Several patent attorneys attribute the slowdown in the rocket docket to the combination of increased filings and the requirement that courts hold hearings in patent suits to interpret the claims in patents. In 1996′s Markman, et al. v. Westview Instruments Inc., et al., a unanimous U.S. Supreme Court affirmed the Federal U.S. Circuit Court of Appeals’ decision that the construction of a patent, including terms of art within the patent claim, is an issue of law to be decided by a judge, not a jury.

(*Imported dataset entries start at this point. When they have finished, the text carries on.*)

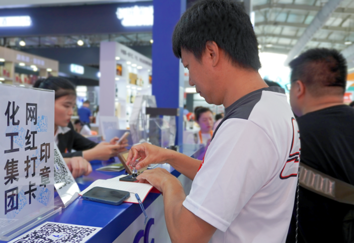 網(wǎng)紅打卡印章,是此次參展的又一亮點(diǎn),集團(tuán)為此專門制作了有集團(tuán)名稱樓宇的印章。“4號(hào)館,北化集團(tuán),3免(3個(gè)印章、免費(fèi))”的服貿(mào)會(huì)攻略已在“小紅書”上傳開,人們紛至沓來(lái),在關(guān)注集團(tuán)微信公眾號(hào)后,將“北京化工集團(tuán)”印在自己的本上,讓北京化工在潛移默化中傳播。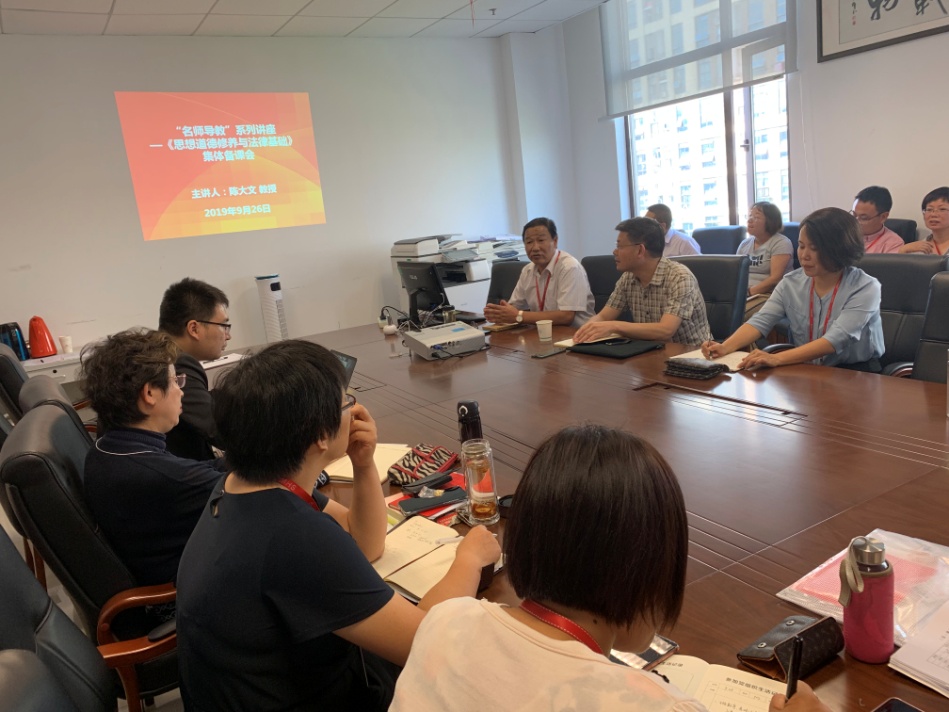 9月26日,betway西汉姆联“双名助推”工程之“名师导教”集体备课会继续进行。本次特邀教育部高校思想政治理论课教学指导委员会委员、中央马克思主义理论研究和建设工程专家、全国优秀教师、同济大学教授、博士生导师陈大文,围绕《思想道德修养与法律基础》指导集体备课。备课会由betway西汉姆联经理孙玉良主持。betway西汉姆联的全体教师参加。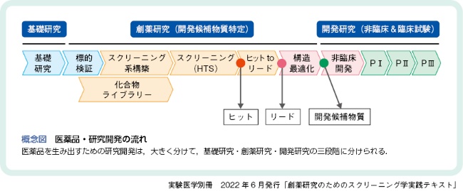 医薬品の研究開発の流れは、概念図のように示される。ここに示された一連の過程は、医薬品を開発するためのスクリーニングカスケードであるともいえる。しかし、本書は、「スクリーニング(HTS)とその周辺」に焦点を当てており、本書で述べる「スクリーニングカスケード」とは、この図の「スクリーニング(HTS)」のなかのヒット確定まで、またはその後の「ヒットtoリード」までが対象である。

Patent attorney Joseph Grinstein, a partner in Susman Godfrey in Houston, says if the number of personal-injury cases filed in the Eastern District matched the number of patent suits filed there, the personal-injury cases would go to trial quickly. But in patent cases, he says, the judge must conduct a Markman hearing before trial.

“The claim construction process really slows things down,” says Grinstein, who represents plaintiffs in patent litigation.

Everingham says it usually takes him about three hours to conduct a Markman hearing but that he must do a substantial amount of preparation before the hearing. Following the hearing, Everingham says, he must write and issue a memorandum opinion, which can take anywhere from a few days to about 90 days, depending on the complexity of the case.

Smith, who represents plaintiffs and defendants, says the Eastern District judges who hear patent cases are able to do only between 65 and 75 Markman hearings a year – substantially fewer than the number of suits filed annually.

“No one seems to want to settle until after the Markman hearing,” he says.

Smith, who monitors the Eastern District’s patent docket for his Web log,, says that since Jan. 1, nine patent cases have gone to trial in the Eastern District – four each in Marshall and Lufkin and one in Sherman.

A delay in getting a patent suit to trial hurts the patentee, Smith says. “If you think the defendant is manufacturing a product that infringes on your patent, until you get the case to trial, you can’t collect royalties for the use of your patent,” he says. “It’s a huge benefit to defendants.”

Steven R. Daniels, a partner in Dechert’s Austin office, who represents plaintiffs and defendants in patent litigation, says the longer it takes to get a case to trial, the longer the defendant has to build a defense.

If it takes from three to four years to get to trial, the defendant has time to challenge the validity of the patent, Daniels says. Such challenges involve asking the U.S. Patent and Trademark Office to re-examine the patent.

“It takes about two years from the time the office grants a petition for a re-examination to make a final determination,” Daniels says.

But Daniels says that having a lengthy period between the filing of a patent case and the trial raises the costs for the patentee and the defendant.

The costs for patent litigation are high, even without delays. In 2007, the median cost of a patent suit in which less than $1 million was at risk was $350,000 through discovery and $600,000 if the suit went through a trial, according to the American Intellectual Property Lawyers Association 2007 member survey. When more than $25 million was at risk, the median cost was about $3 million if the suit concluded after discovery and about $5 million through trial, the AIPLA reported.

Despite the length of time it takes to get a patent case to trial in Marshall, Grinstein still thinks the Eastern District is “a great venue,” because the judges there are experts on patent matters, and there is a pool of experienced patent lawyers available to serve as local counsel. “It’s hard to say to a client, ‘You ought to go elsewhere,’ ” Grinstein says.

Smith says he has found that some patentees prefer to file their suits in Marshall. “Generally, I assume they’re going to want to go to one of the quicker venues,” he says. “But to my surprise, they prefer to go to Marshall, where the judges have the expertise.”